According to GF slides, they expect a 40-50% advantage in perf/watt compared to the current 45nm process (although I'm not sure if they already include the Low-K update for 45nm):
So this is one variable. Another is gate delay. But I don't have GF's gate delay numbers for their processes at the likely operating voltage range, but it should roughly be 70% of their 45nm SOI gate delay (linear scaling factor).
Llano should have ~35M T per core, 110M incl. L2, so ~75M for the L2 and other stuff (e.g. power gating ring).
BD has 213M T per module, minus 150M for the L2+rest there remain 63M T for the 2 cores.
Both for BD and Llano AMD stated 0.8 to 1.3V. There is even more extensive clock gating in BD, which might reduce dynamic core power even more (maybe 20% vs. K10).
http://pc.watch.impress.co.jp/img/pcw/docs/430/341/html/13.jpg.html
Assuming nearly constant uncore power consumption (reduced by process, increased by # of T and clock frequency), a BD module on a X8 might have 150% of the power budget of a Thuban core and a BD core 75% respectively. With less L2 power (IIRC it is an 8T design in BD) but likely more relative leakage we might just look at roughly estimated core power relations:
BD : 63M T at 150% power (2 cores)
BD : ~32M T at 75% power (1 core avg)
hypothetical 10h 6C at 32nm: ~35M T at 100% power
10h: ~35M T at 166% power (inverse of 40% lower perf/watt)
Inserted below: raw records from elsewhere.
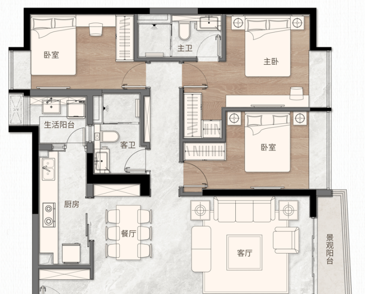 建面117平三房,这个户型阳台飘台都比较大,视野比较广,客卫三分离设计,主客分明。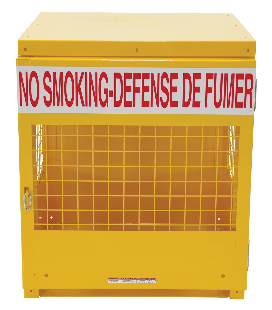 Steel Canadian LP Cylinder Storage Cabinet 32 In. x 30 In. x 35-1/2 In. 4 Cylinder CapacityDurable steel cabinet for storage of LP style cylinders. Cylinder storage capacity is based on cylinder size. Sides and door are made of expanded steel mesh. Bottom, back and top are made of solid sheet steel. Lockable doors protect cylinders (padlock not included). Base includes lag holes for securing unit to floor (hardware is not included). Rugged welded steel construction with safety yellow finish. Cabinet ships fully assembled.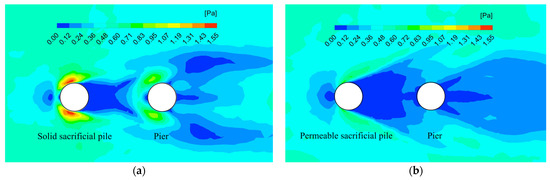 Figure 16b shows the flow field of experiment C2. Because of the permeability of the sacrificial piles, part of the water flows through the permeable piles at a lower speed, which reduces the amount and the velocity of downward flow in front of the pile significantly. Therefore, the local scour depth in front of the permeable sacrificial pile decreases. Meanwhile, as shown in Figure 17, because of the difference in the pressure in front of and inside the permeable sacrificial pile, the water flows outward the pile in the direction that is perpendicular to the isobars, which causes a weakness of the flow velocity around the pile, especially in the higher velocity area compared with that in experiment A. Meanwhile, the conflict of water from inside and outside the permeable pile enlarges the low-velocity area around the pile comparing to experiment A, which expands the lower-velocity area around the pier indirectly. Therefore, the expansion of lower speed area behind the permeable sacrificial pile and around the pier has a significant effect on the scour reduction in the downstream area, especially around the pier. This is in good agreement with the experiments results in Section 3.2.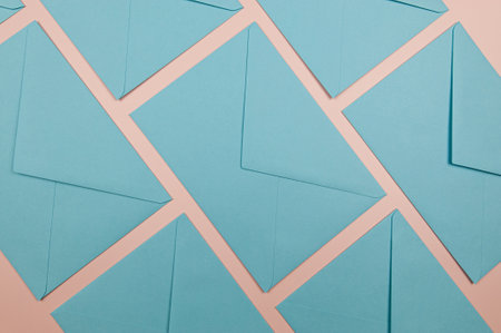 Top view of light blue envelopes on pink background. Post flat lay. Copy space.

So if a Thuban core has about 13.3W TDP (95W-15W uncore), it would use ~8W in 32nm at the same clock. This would be 100%.
A BD module at the same voltage and maybe 20% higher clock (FO4 reduction!) might use ~12W. 4 Modules would use ~50W then. Now scaling back to 80W again (20W per module) could add even another 20% of clock frequency headroom (about 45% combined). Thus a 4GHz Zambezi at 95W is not unlikely.
Could someone please check my numbers?